We have a string that consists only of the characters ‘.’ and ‘?’
‘.’ is a fixed symbol, ‘?’ can be replaced by either ‘.’ or ‘#’.
After all replacements the string must not contain two consecutive ‘#’.
Участвуйте в турнирах онлайн рулетки и побеждайте крупные суммы: https://dd3ca.kz. For a string of length n let
dp[i][0] - number of valid ways for the prefix of length i that ends with ‘.’
dp[i][1] - number of valid ways for the prefix of length i that ends with ‘#’
Сайт онлайн рулетка предлагает лучшие условия для онлайн рулетки.
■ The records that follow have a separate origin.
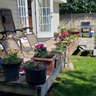 Coffee breaks in the morning are now outside with all the flower planters on the little back deck.
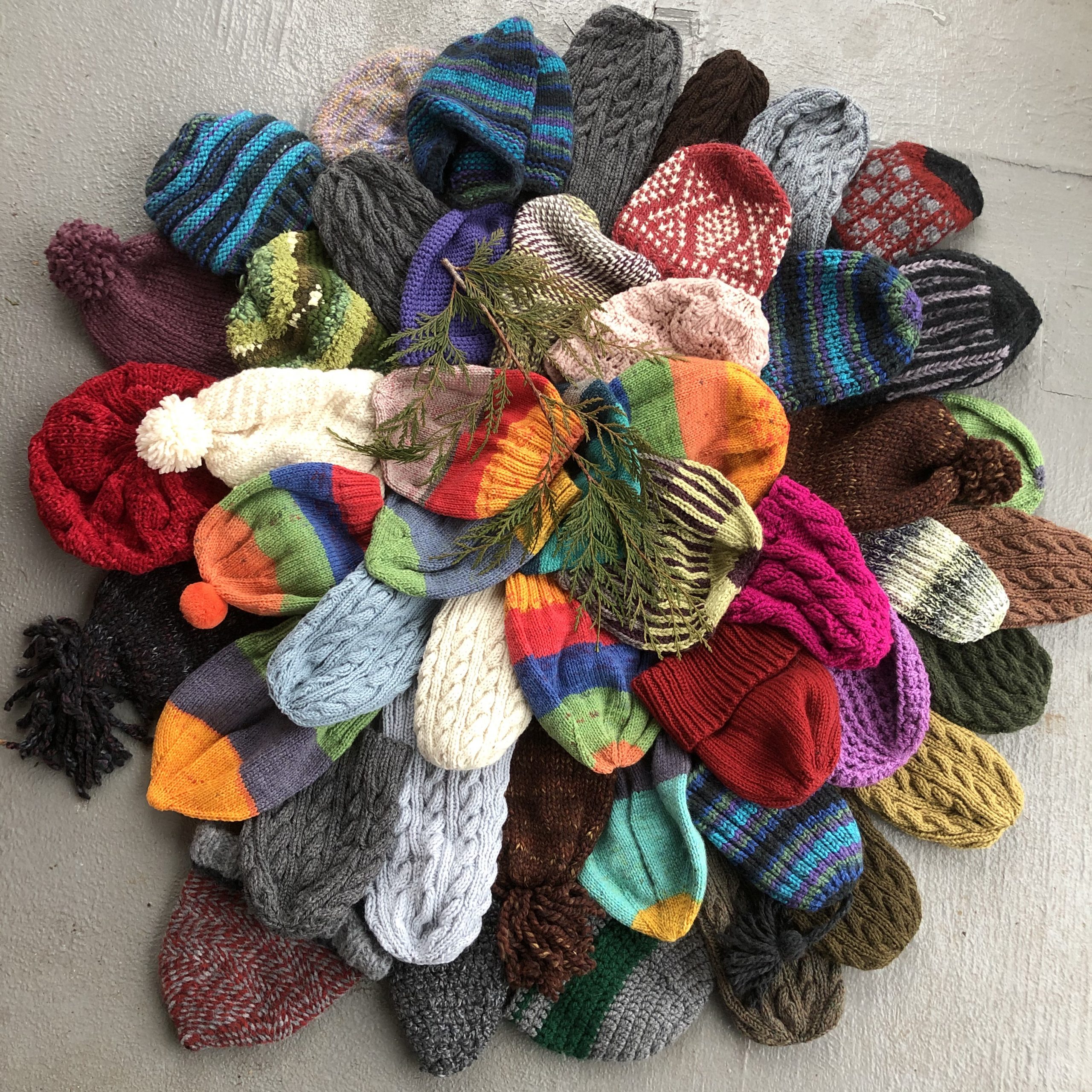It became clear near the beginning of the drive that we had a plethora of hand made hats, so we were able to make TWO separate holiday gift donations to every resident of two of Vancouver’s recently opened Temporary Modular Housing units. TMHs have been appearing all across the city as a means to provide housing, meals and life skills to some of the 2,200 people do not have a home in Vancouver. We have been collecting and distributing handknits/crochet/weaves to every resident in various TMHs since they were launched in late 2018, including socks, scarves, more socks, and the hats, hat, and socks (below).
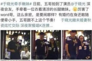 值得注意的是,于晓光已经不是第一次和异性互动亲密被拍了,早在2016年,于晓光就被拍到和女性同学手牵手,他当时对外解释过,这件事也就不了了之。
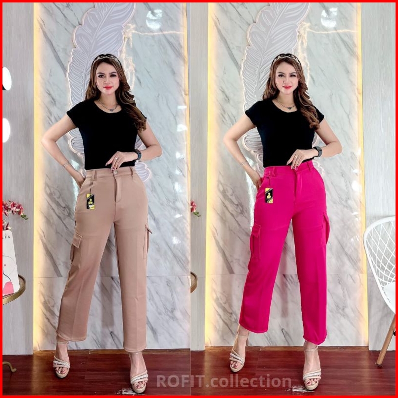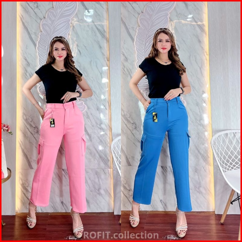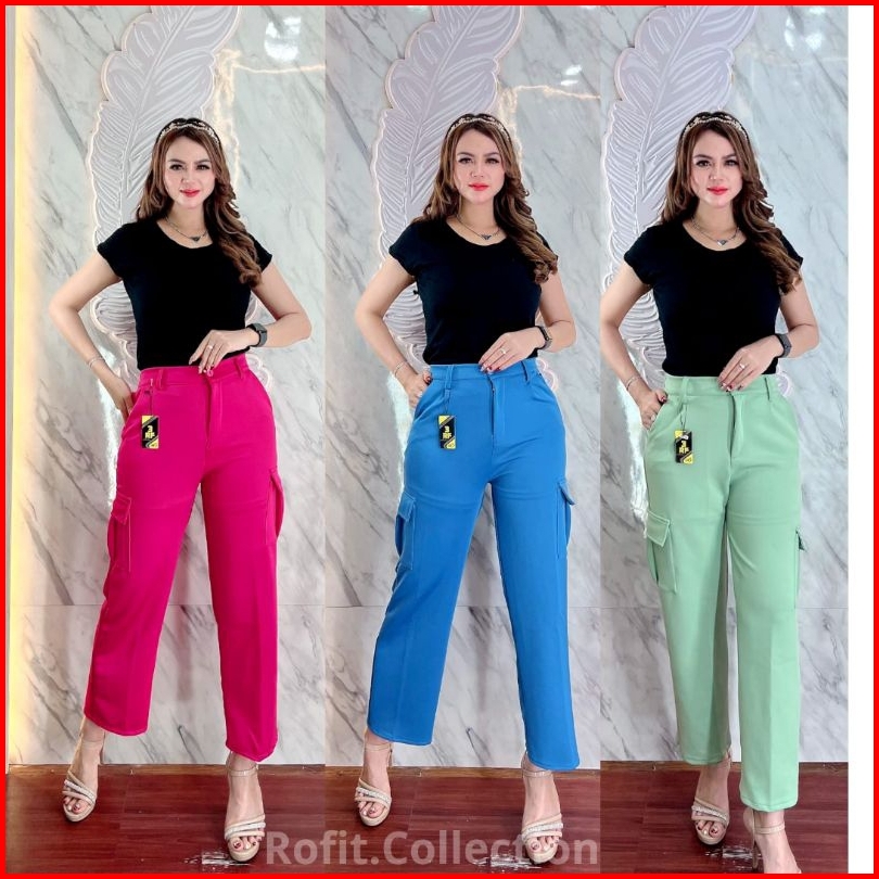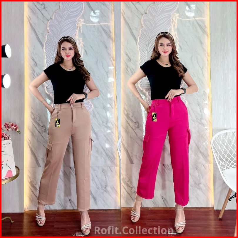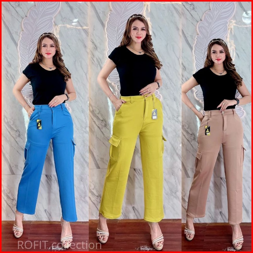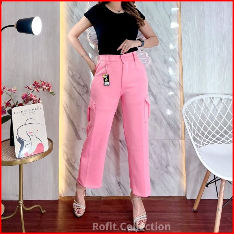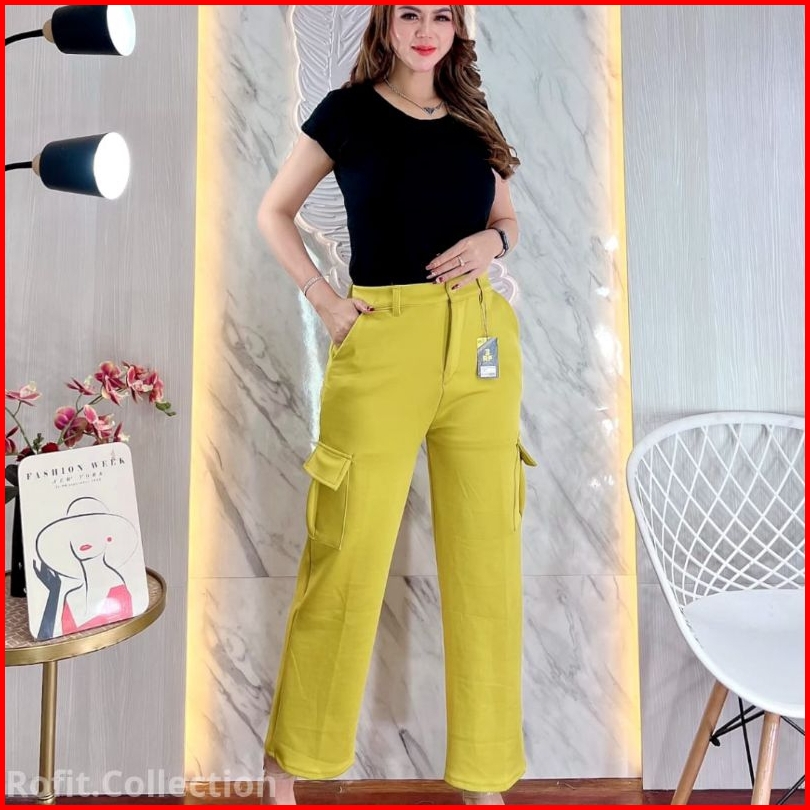 Cargo Pants Scuba Premium Wanita Celana Cargo Scuba Loose Pants Tebal
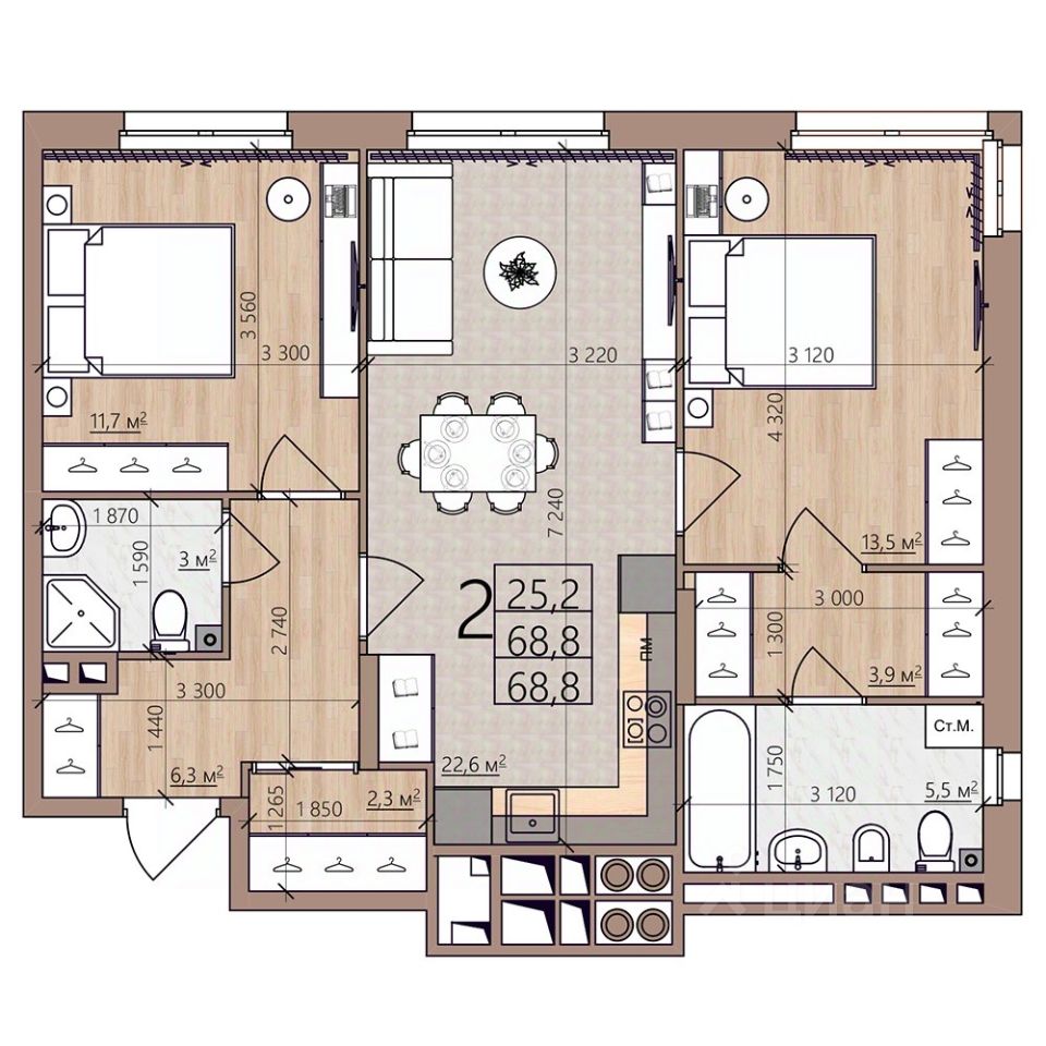 Общая площадь68,8 м²

Transition for the i‑th character (c = s[i‑1]):
| c | dp[i][0] | dp[i][1] |
|---|---|---|
| ‘.’ | dp[i‑1][0] + dp[i‑1][1] | 0 |
| ‘#’ | 0 | dp[i‑1][0] |
| ‘?’ | dp[i‑1][0] + dp[i‑1][1] | dp[i‑1][0] |
All computations are performed modulo
(M = 1\,000\,000\,007).
The answer for the whole string is
(dp[n][0] + dp[n][1]) mod M.
Algorithm
read string s
n ← length(s)
dp0 ← 1 // empty prefix ends with '.'
dp1 ← 0
for each character c in s
if c == '.'
new0 ← (dp0 + dp1) mod M
new1 ← 0
else if c == '#'
new0 ← 0
new1 ← dp0
else // c == '?'
new0 ← (dp0 + dp1) mod M
new1 ← dp0
dp0 ← new0
dp1 ← new1
output (dp0 + dp1) mod M
Correctness Proof
We prove that the algorithm outputs the number of ways to replace every
‘?’ by ‘.’ or ‘#’ such that no two ‘#’ are adjacent.
Lemma 1
For every i (0 ≤ i ≤ n) after processing the first i characters,
dp0 equals the number of valid fillings of the prefix s[0…i‑1]
ending with ‘.’, and dp1 equals the number ending with ‘#’.
Proof.
Base case i = 0: the empty prefix ends with a virtual ‘.’,
so dp0 = 1, dp1 = 0.
Induction step: assume the lemma holds for i‑1.
Consider character c = s[i‑1].
-
If
c = '.'the current position must be ‘.’.
Any valid filling of the firsti‑1characters (ending with ‘.’ or ‘#’)
can be extended by ‘.’, givingnew0 = dp0 + dp1.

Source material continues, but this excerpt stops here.